At 65 years old, Somerset native Carole-Ann Warburton experienced a plot twist that led to the fulfillment of a long-cherished dream she'd never even spoken of aloud.
After a debilitating illness incapacitated her, Warburton was left with the question of what to do going forward. During her convalescence, her daughter brought around some real estate listings for the sort of homes in which she thought her mum might best spend her golden years. Coincidentally, amongst the notices was an offering for a small barbershop with an above-stairs apartment.
For Warburton, although she admits "the place was awful," it was love at first sight—and the perfect opportunity to do something she'd yearned to do for almost as long as she could remember—work in a bookshop.
Less than three months after coming to her decision, Warburton had handed in her retirement notice, sold her house, bought the store, and—using a personal inventory totaling between 8,000 to 9,000 titles—she launched her new venture, The Book Rest.

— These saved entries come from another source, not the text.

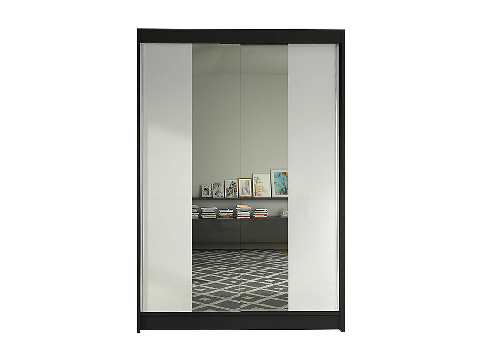 Armoire Closico 148, Noir|Blanc, 200x120x58cm, Portes d'armoire: Coulissantes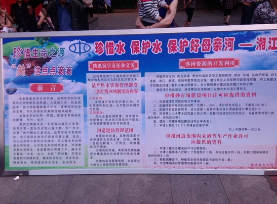 宣传板报以“珍惜水、保护水、保护好母亲河—湘江”为主题,列出了群众生活当中常常与水法挂钩的内容;宣传资料包含了几部最重要、最常用的水法,《河道管理条例》、《湘江保护条例》、《防洪法》等,“河道采砂”成为群众关注的热点,群众提出了如何申报、怎样开采才算合法等问题,水利部门的工作人员都耐心的进行解答,让每个咨询的群众都得到了满意的回复。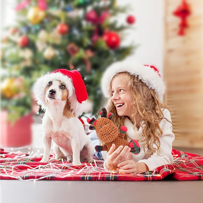 Rypet Pet Christmas Toy Dog Stuffed Squeaky Toys Puppy Durable Plush Toy Reindeer Dog Toys for Medium Small Dogs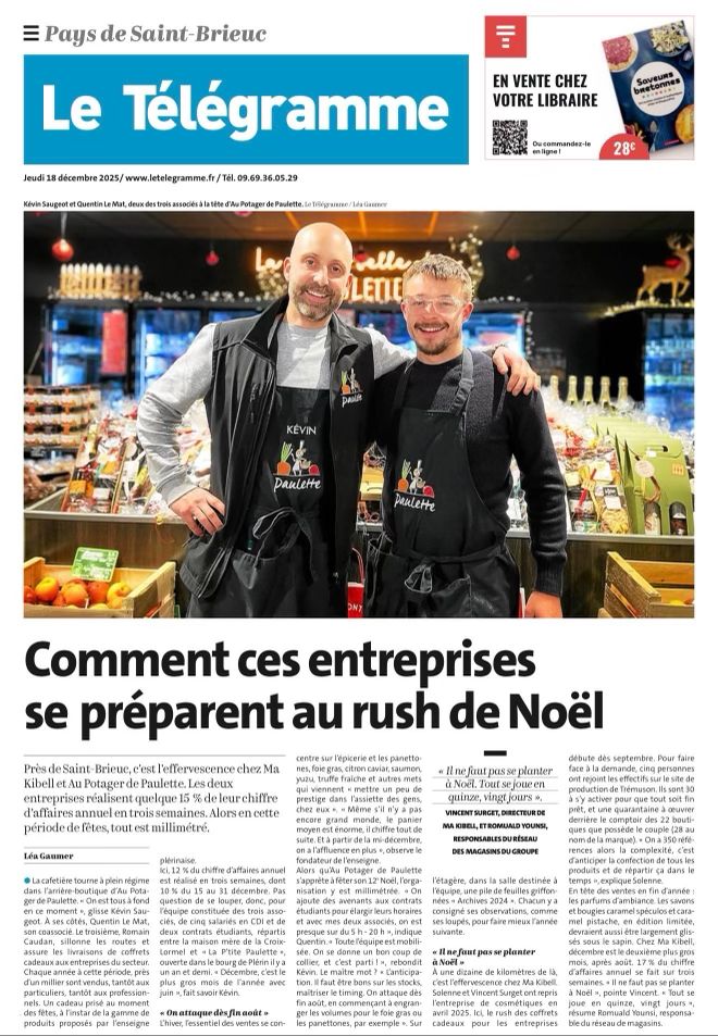 « Près de Saint-Brieuc, c’est l’effervescence chez Ma Kibell et Au Potager de Paulette. Les deux entreprises réalisent quelque 15% de leur chiffre d’affaires annuel en trois semaines. Alors en cette période de fêtes, tout est millimétré. »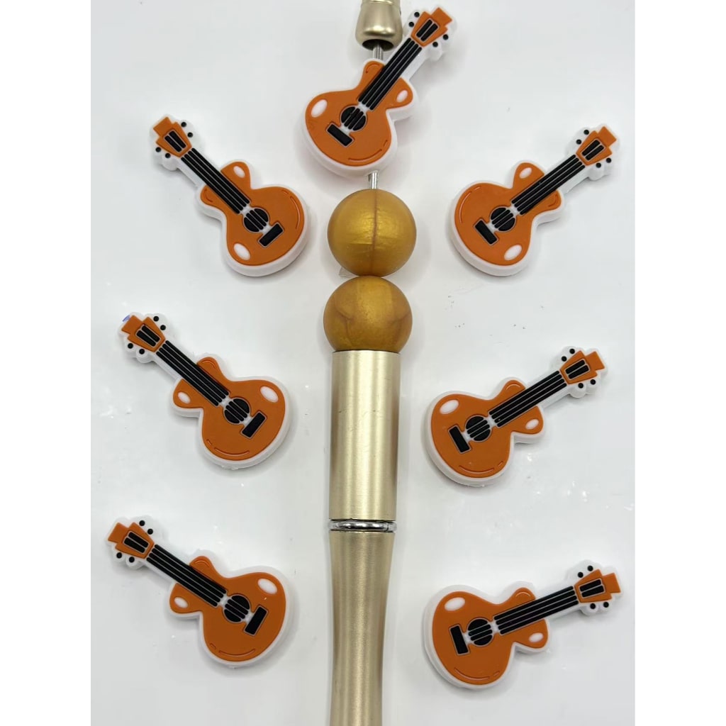 Mini Cute Brown Guitar Music Instruments Silicone Focal Beads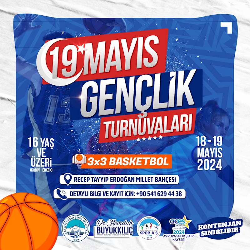 Kayseri Büyükşehir Belediyesi Spor A.Ş., 19 Mayıs Atatürk’ü Anma, Gençlik ve Spor Bayramı kutlamaları kapsamında 19 Mayıs Gençlik Turnuvası 3x3 Basketbol etkinliği düzenleyecek.Sporun ve sporcunun dostu Başkan Dr. Memduh Büyükkılıç’ın talimatları doğrultusunda, ‘2024 Yılı Avrupa Spor Şehri’ ünvanına sahip Kayseri’yi sporun merkezi haline getirecek proje ve hizmetlerini hız kesmeden sürdüren Büyükşehir Belediyesi, özel gün ve haftalara özel organizasyonlarla hazırlanmayı da ihmal etmiyor.Bu kapsamda, kültür sanat ve spor alanında özel gün ve haftalara özel spor organizasyonları ile sporseverleri buluşturan Kayseri Büyükşehir Belediyesi, 19 Mayıs Atatürk’ü Anma, Gençlik ve Spor Bayramı dolayısıyla 19 Mayıs Gençlik Turnuvaları düzenliyor.Büyükşehir Belediyesi Spor A.Ş. tarafından 18-19 Mayıs 2024 tarihleri arasında 19 Mayıs Gençlik Turnuvası 3x3 Basketbol etkinliği düzenlenecek.Recep Tayyip Erdoğan Millet Bahçesi’nde gerçekleşecek 3x3 Basketbol turnuvası için kayıtlar başladı.16 yaş ve üzerinin katılabileceği ve kontenjanının sınırlı olduğu turnuvaya ilişkin detaylı bilgi 0 (541) 629 44 38 nolu telefondan alınabilecek.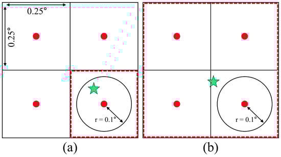 Distance-weighted average scheme showing how input data were extracted from grid cell nodes (symbol: red dot) based on the location of groundwater measurement station (symbol: green star) and a distance threshold value of 0.1° (a) when a groundwater measurement station is within the threshold distance from grid cell node and (b) a groundwater measurement station is located outside of the threshold distance from the grid cell node.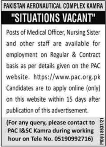 Apply at Pakistan Aeronautical Complex latest Government jobs in Medical and departments before closing date which is around June 24, 2022 or as per closing date in newspaper ad. Read complete ad online to know how to apply on latest Pakistan Aeronautical Complex job opportunities.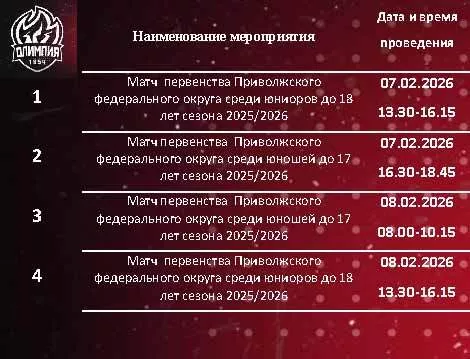 7 февраля 2026 года пройдут матчи первенства Приволжского федерального округа среди юношей. В 13:30 начнется игра среди юношей до 18 лет, которая продлится до 16:15. В тот же день в 16:30 стартует встреча среди юношей до 17 лет, которая завершится в 18:45.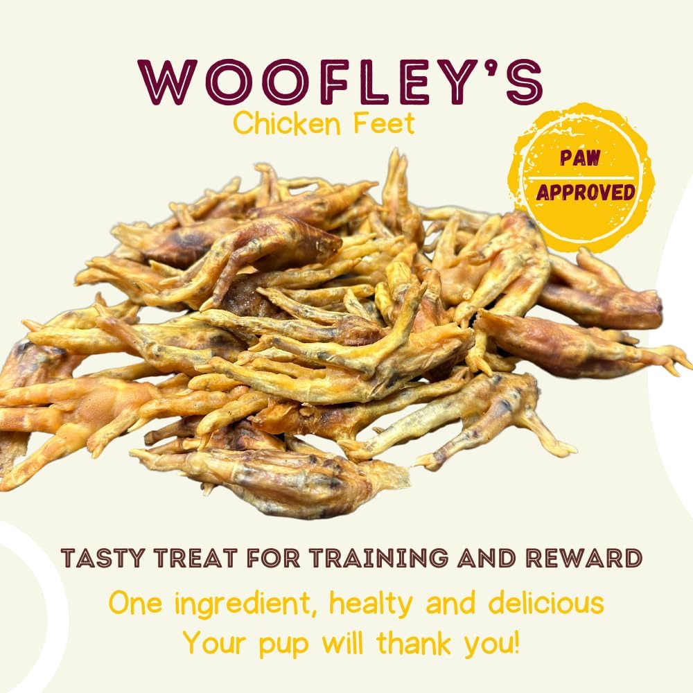 - Health & Safety - Woofley's chicken feet are full of vitamins and minerals that are perfect for maintaining your canine companions health and stature. Chicken feet may or may not contain nails as a natural product, please remove nails with a scissor prior to giving to your dog.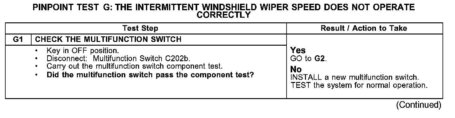 PINPOINT TEST G: THE INTERMITTENT WINDSHIELD WIPER SPEED DOES NOT OPERATE CORRECTLY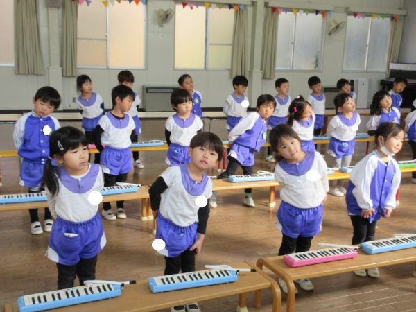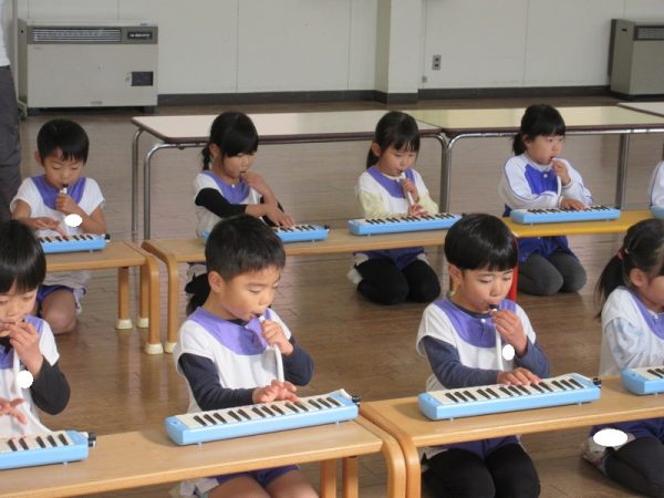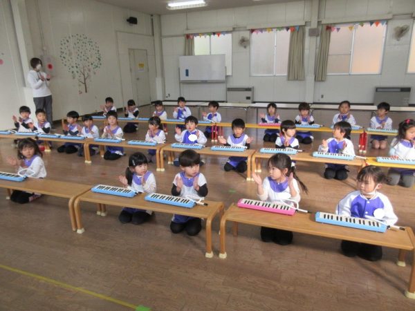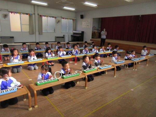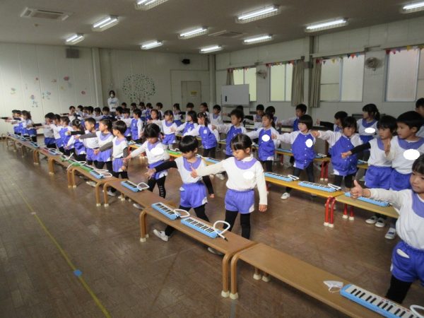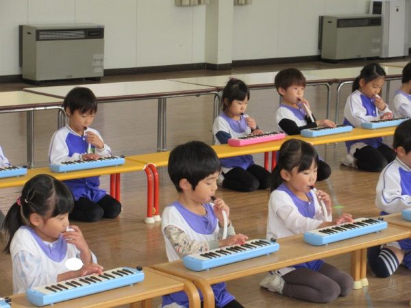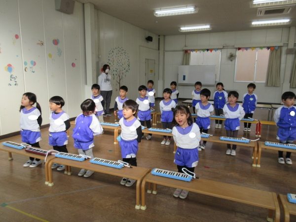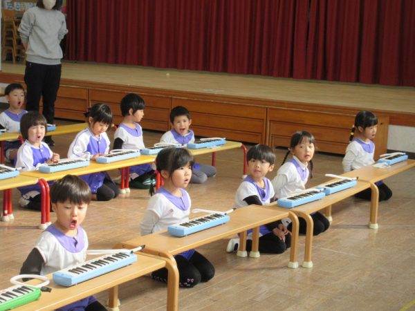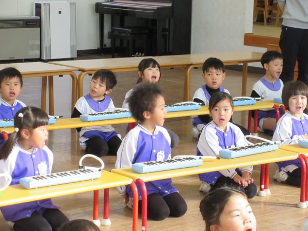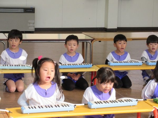 年中さんは、鍵盤ハーモニカ&斉唱も披露しますので、練習風景を紹介しますね!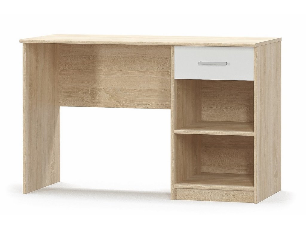 Pracovní stůl s jednou zásuvkou ze sektorového nábytku v moderním provedení. Stůl je vyroben z kvalitní LTD desky v barevné kombinaci dub sonoma / bílá mat. Nabídka komponentů této sektorové řady umožňuje sestavit si nábytek do obývacího, dětského nebo studentského pokoje dle vlastních představ. Dodáváme v demontovaném stavu.Doplňkové parametry

Warburton has been an avid book collector since she was a child. As an adult, she married a man with a similar avocation. The four-bedroom home she and her ex-husband shared with their children (much to their dismay) was "chock-a-block" with books.
Warburton admits learning to let go of her beloved tomes was a bit of an adjustment, but one she feels the better for making.
"It still feels, when a special book goes out, like a bit of a loss—as if some little part of me has been taken away," she said in an interview with The Guardian. "And then I make common sense come back to me and say, ‘Let someone else learn from it.' It's a growing up, if you like, an acceptance."
A decade on, The Book Rest recently celebrated its 10th anniversary. Although the pandemic has slowed foot traffic, since Warburton's driving motive isn't monetary profit, but rather, something of a deeper, more idiosyncratic personal value, she has no plans to close up shop.
Having achieved her own dream, Warburton sees every day in the bookstore as an opportunity to help others realize theirs as well.
"All the dreams are in the books," she told The Guardian. "They are all there waiting to be picked up… Someone can walk in tomorrow and say, ‘I have been looking for that for an awfully long time!"
And as gatekeeper to her own small universe of literary wonders, Warburton says she plans to stay around as long as she can to ensure that they do.